Can Brussels sprouts cause stomach pain?

While some individuals may experience stomach pain or discomfort after consuming Brussels sprouts, it varies from person to person. Factors such as individual tolerance and cooking methods can influence the likelihood of stomach pain.

How can I reduce gas from eating Brussels sprouts?

To minimize gas production, try cooking Brussels sprouts thoroughly, chewing them thoroughly. Consuming them in moderation, do not eat Brussels sprouts every day. These practices can help break down the sulfur compounds and reduce the risk of excessive gas.

Are cooked Brussels sprouts easier to digest?

Yes, cooking Brussels sprouts can make them easier to digest. Cooking helps break down complex fibers and sulfur compounds, making them more tolerable for some individuals.

Can Brussels sprouts cause constipation?

On the contrary, Brussels sprouts are high in dietary fiber, which promotes regular bowel movements and helps prevent constipation. However, individual responses may vary.

Are there any substitutes for Brussels sprouts that are easier on digestion?

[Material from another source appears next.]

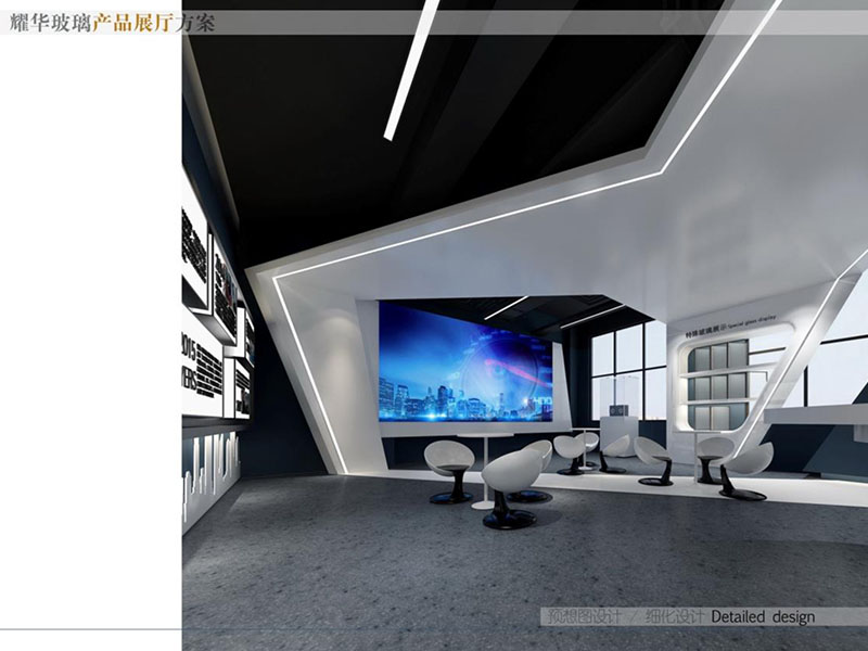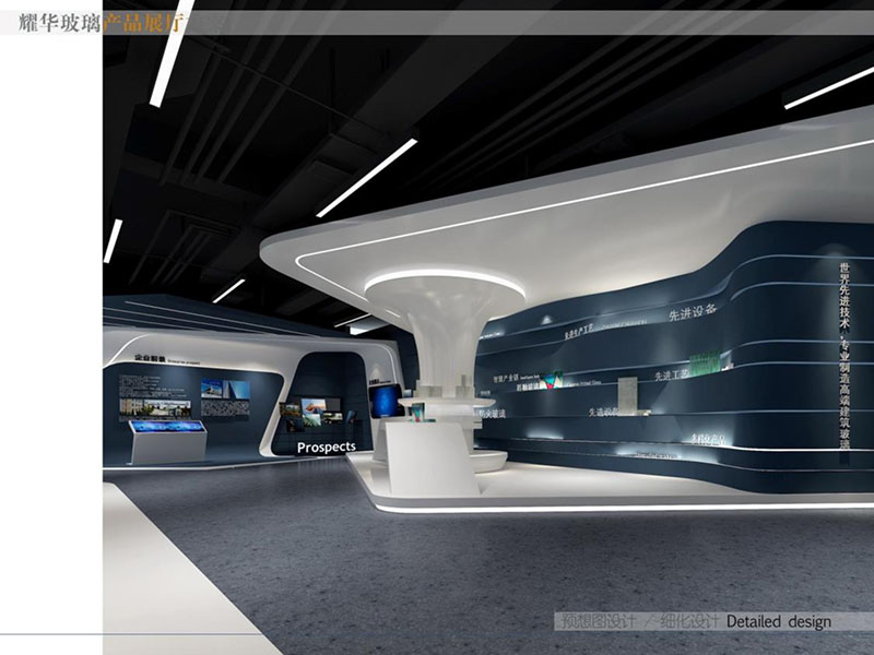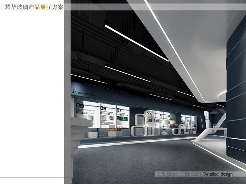 設計理念: 耀華玻璃產品展廳裝修設計效果展現(xiàn)了高端與專業(yè)的品牌形象。展廳內的大部分東西都是使用的耀華玻璃仔細打造而成。采用明亮的燈光布局,突出了玻璃產品的晶瑩剔透之美。既方便客戶參觀,又彰顯了耀華玻璃的技術實力。整體設計融合了現(xiàn)代美學與產品特性,營造出專業(yè)、高端的觀展體驗。

If you find Brussels sprouts challenging to digest, you can try substituting them with other cruciferous vegetables such as broccoli, cauliflower, or kale. These vegetables offer similar health benefits and may be better tolerated.

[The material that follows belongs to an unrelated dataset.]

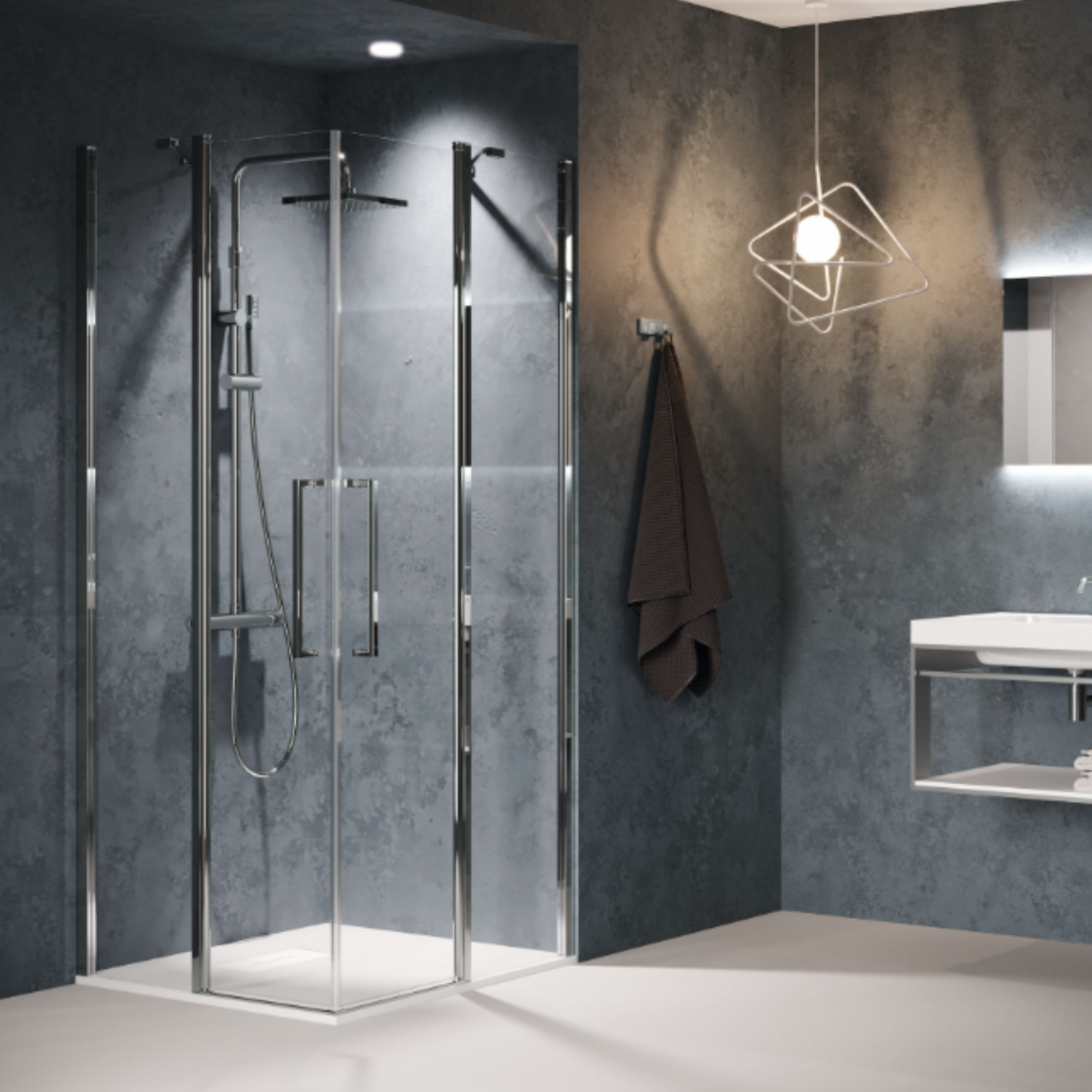 Dusjdør for hjørne med fastfelt som egner seg spesielt godt til små baderom.

Should I avoid Brussels sprouts altogether if I experience digestive issues after eating them?

While digestive issues may occur in some individuals, it’s not necessary to completely avoid Brussels sprouts unless they cause severe discomfort. Experiment with cooking methods, portion sizes, and consuming them alongside other foods to find what works best for you.

Are the digestive issues caused by Brussels sprouts the same for everyone?

No, the digestive response to Brussels sprouts can vary from person to person. Factors such as individual tolerance, gut microbiota composition, and overall diet play a role in how Brussels sprouts affect each individual.